Tuesday, January 10, 2017

Death series, 2

The word "viking" means to roam. So if you are roving around the seas and oceans of the planet, you could say you were viking. Not necessarily A Viking. Truth.
 
The Vikings put their deaders in boats, set them on fire and pushed the whole thing into the fjord.
No.
They didn't.
If they put every Viking who died into their boats, the fjords would be a lot shallower than they are, that's for sure!
 
Let me explain. Only a few Vikings actually owned boats. They took a long time to make out of very scarce wood, so it was a crap idea to dispose of the dead in a dragon boat. Only a chieftain might get shoved into the fjord on his boat if he had died in glorious battle! And I'm sure his sons and daughters regretted losing the boat!
 
Yes. What they did do on foreign soil was form the outline of a ship with rocks around the buried body. Sometimes. Not all the time. Vikings hung around what is modern day Sweden, Norway and Denmark. The territories were flexible, to be sure. The land available for farming in Scandinavia was little but precious. Farming around rock ship shapes would have been hard. And the Vikings were farmers first, rovers second. After the planting, in spring, they'd go out to plunder or look for more land. Their wives and thralls (they kept slaves) would take care of business on the farm.
 
They didn't pillage and rape constantly. They farmed. They built ships.

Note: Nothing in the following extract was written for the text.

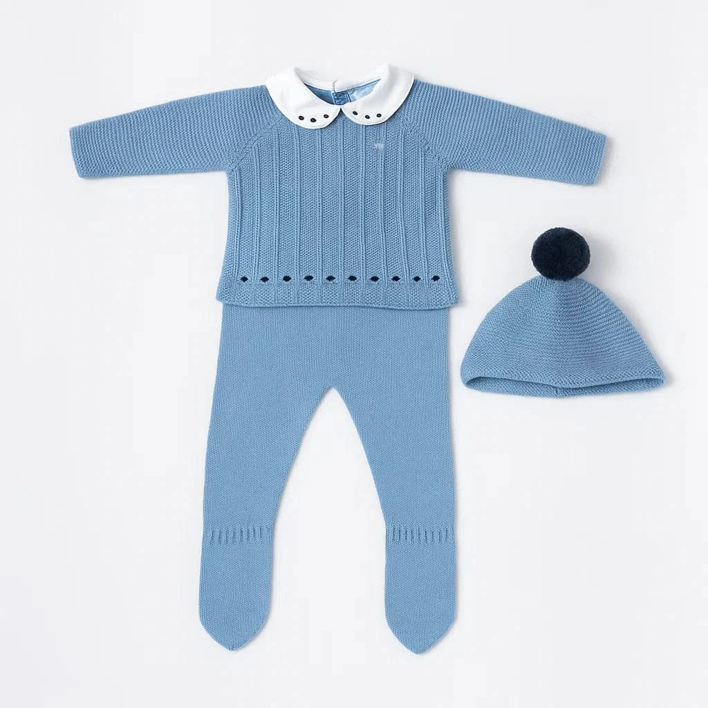 Tutina spezzata in misto lana celeste per neonato, completa di maglia con colletto rifinita da trama a trecce in rilievo, ghettine abbinate e cappellino coordinato con pompon.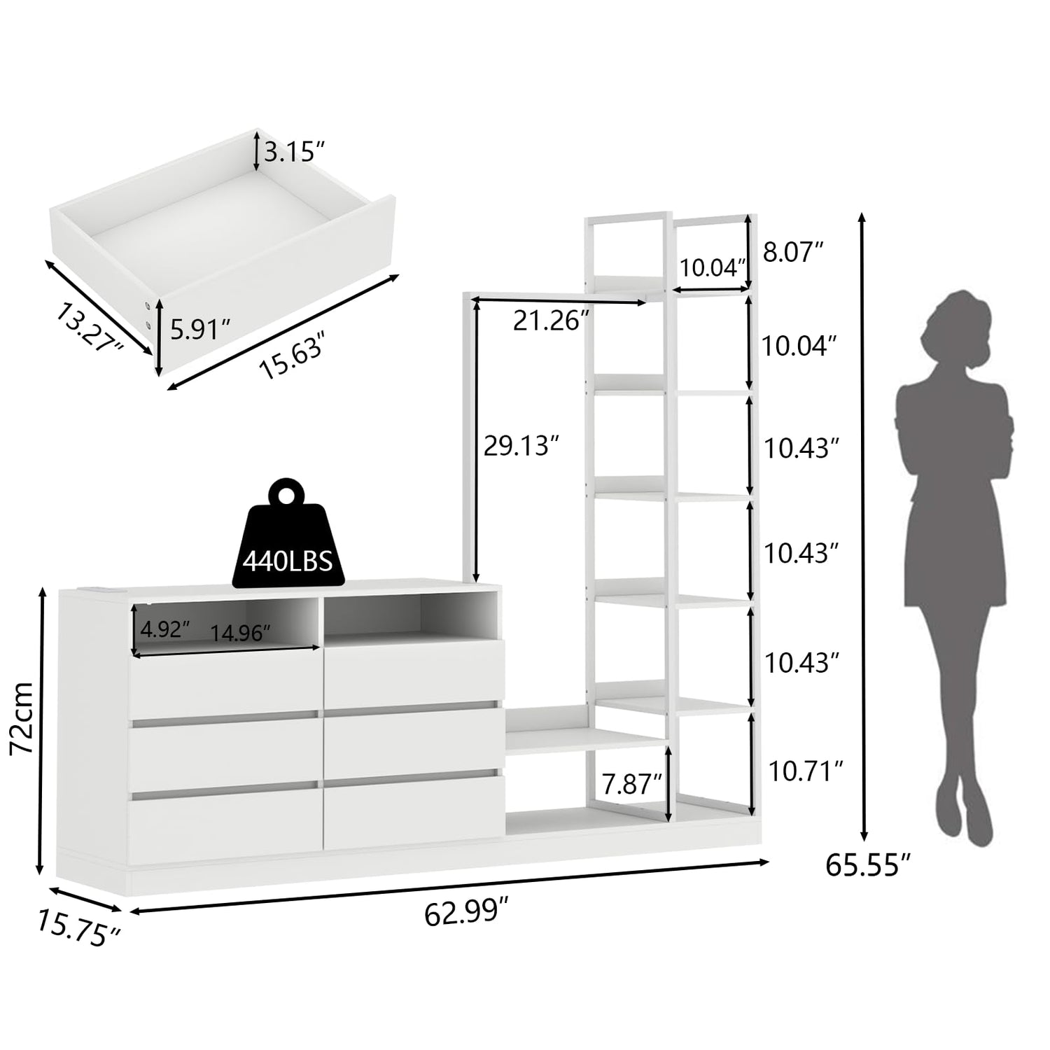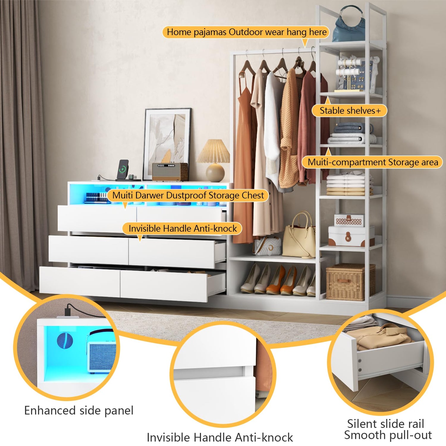 Loomie 6 Drawers Dresser with Hanging Rack & 6 Tiers Shelves, LED Dressers & Chests of Drawers with Power Outlet, 63" Wide Long 4 in 1 Storage Unit Dressers, Closet Dresser for Bedroom (White)

They traded pilfered goods all over the world, practically.
 
The Norse made it into the Mediterranean, stopped off in Sicily, worked for the break-away Orthodox after the Great Schism as bodyguards. They took over France, most of England, Greenland, Iceland and a few parts of North America.
 
Now, here's something few people know: Viking chieftains had to be physically perfect. If their faces were misshapen or scarred or missing bits, they could not rule. Leadership was more or less a beauty and strength contest.
 
Scandinavians are not all blond with blue eyes, either. Sorry to burst that bubble!
 
The Valhalla business is part of their legend. A warrior died in battle, he'd go to Valhalla, which wasn't a heaven where they floated around on clouds and had a good time. Valhalla was for heroes (if you died a good death in battle you were a hero) where they would sit at long tables, eat and drink forever and fight your friends for the fun of it. Valkyries would pick up your body on the field where you fell and bring you to Valhalla where you'd be whole again (without holes leastways) and you'd eat and drink and fight forever.
 
If you were a Star Trek fan, the Klingons had much the same attitude about life. Going into battle was for them "a good day to die".
So it was for the Vikings, as long as the crops had been planted and your old lady was back on your land, taking care of business.
 This is NOT THOR, it is Baldur.
 
This is a Berserker, only they didn't have wings on their helmets.